I see you lurking Tellafriend. My favorite bear. Just wanted to offer a quick take
We were talking about Treasuries months back. We weren’t particularly optimistic. Daly contributed a dissenting opinion.
Well, now bond liquidity is drying up. What if Treasuries went “no bid”? Can you imagine?
Bank of America is suggesting this is a real threat and is suggesting the creation of a government sponsored market maker.

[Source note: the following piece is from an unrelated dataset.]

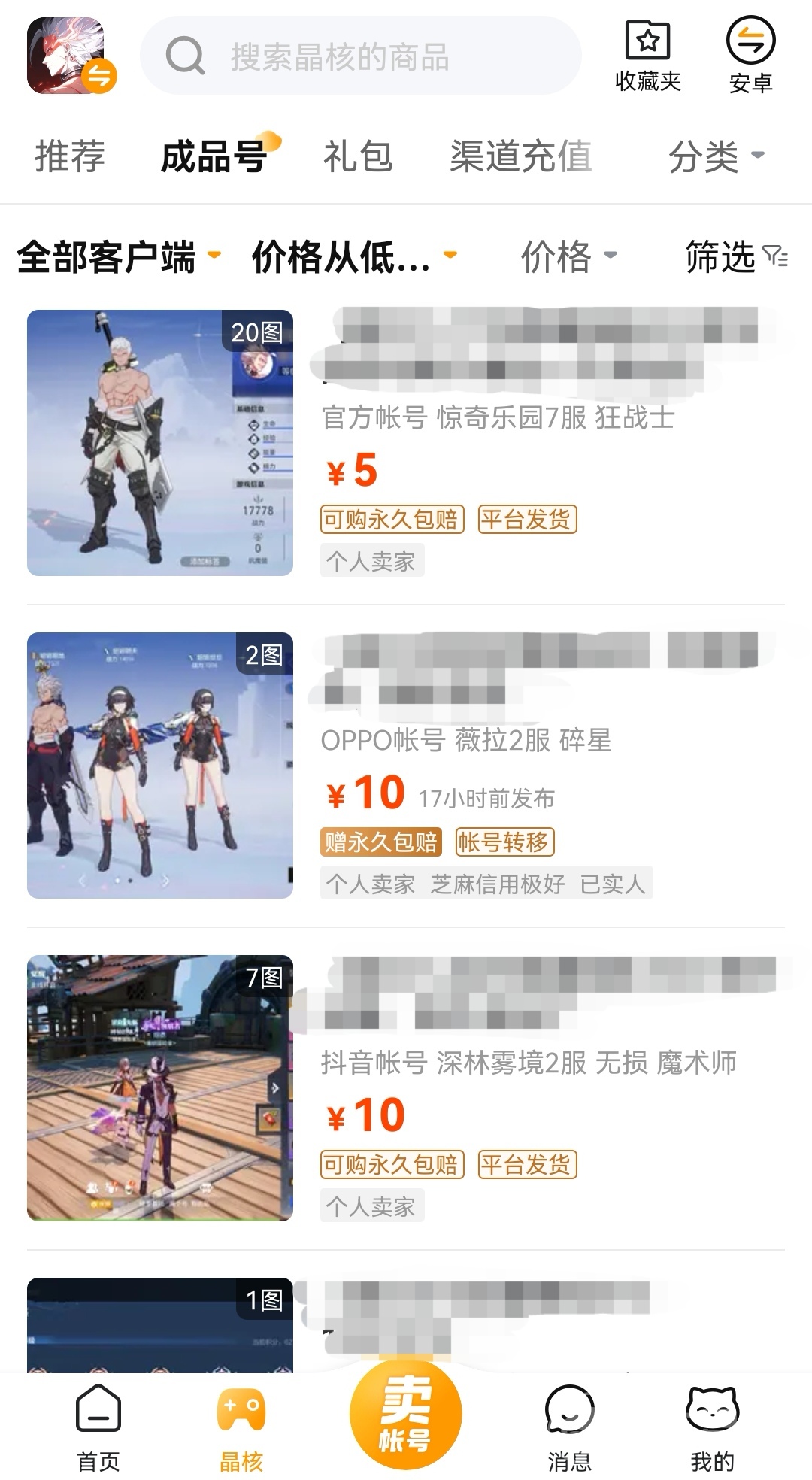 來源: 極光 作者: 二蛋 2024年01月24日 10:58根據(jù)現(xiàn)在這個(gè)時(shí)代來說,很多游戲的推出速度和落伍速度都是比較快的,有一些可能還沒來得及嘗試就要面臨更迭了,于是大家不得不出售賬號(hào),下面內(nèi)容要講晶核賣號(hào)平臺(tái)哪個(gè)好,晶核這種游戲比較注重的是養(yǎng)成,因?yàn)楦鞣N原因,不少小伙伴在棄坑的時(shí)候會(huì)想到出售游戲賬號(hào),這樣不僅能夠從中賺取一些收益也能夠?yàn)樽约旱馁~號(hào)找到新的主人,所以小編今天為大家?guī)淼氖且粋€(gè)比較靠譜且實(shí)用的賬號(hào)交易平臺(tái)。

In my wildest dreams even 5 years ago I never would have imagined anything of the sort. The speed of various changes including CBDC has me stunned and rethinking the whole capitalism model going forward.(jk) Biden nominating the Russian professor for Comptroller of the Currency based on her insane White Paper (which the US obviously loved) absolutely flipped me into thinking government intervention in markets and financial privacy is a certainty very soon.
Liquidity in the US Treasury market represents the biggest systemic risk to stocks since the 2007 housing bubble, BofA says
https://news.yahoo.com/liquidity-us-...195026958.html
I will test you in subtle ways to see if you read this. I’m watching you.
My Uranium stock UEC has tanked along with everything else and closed today at my purchase price of $3.24 or so. Damn thing triple topped at $4.60’ish but I held like I had tomorrow’s paper. Oh well.
I’m sure you’re crushing it. Your mind is right.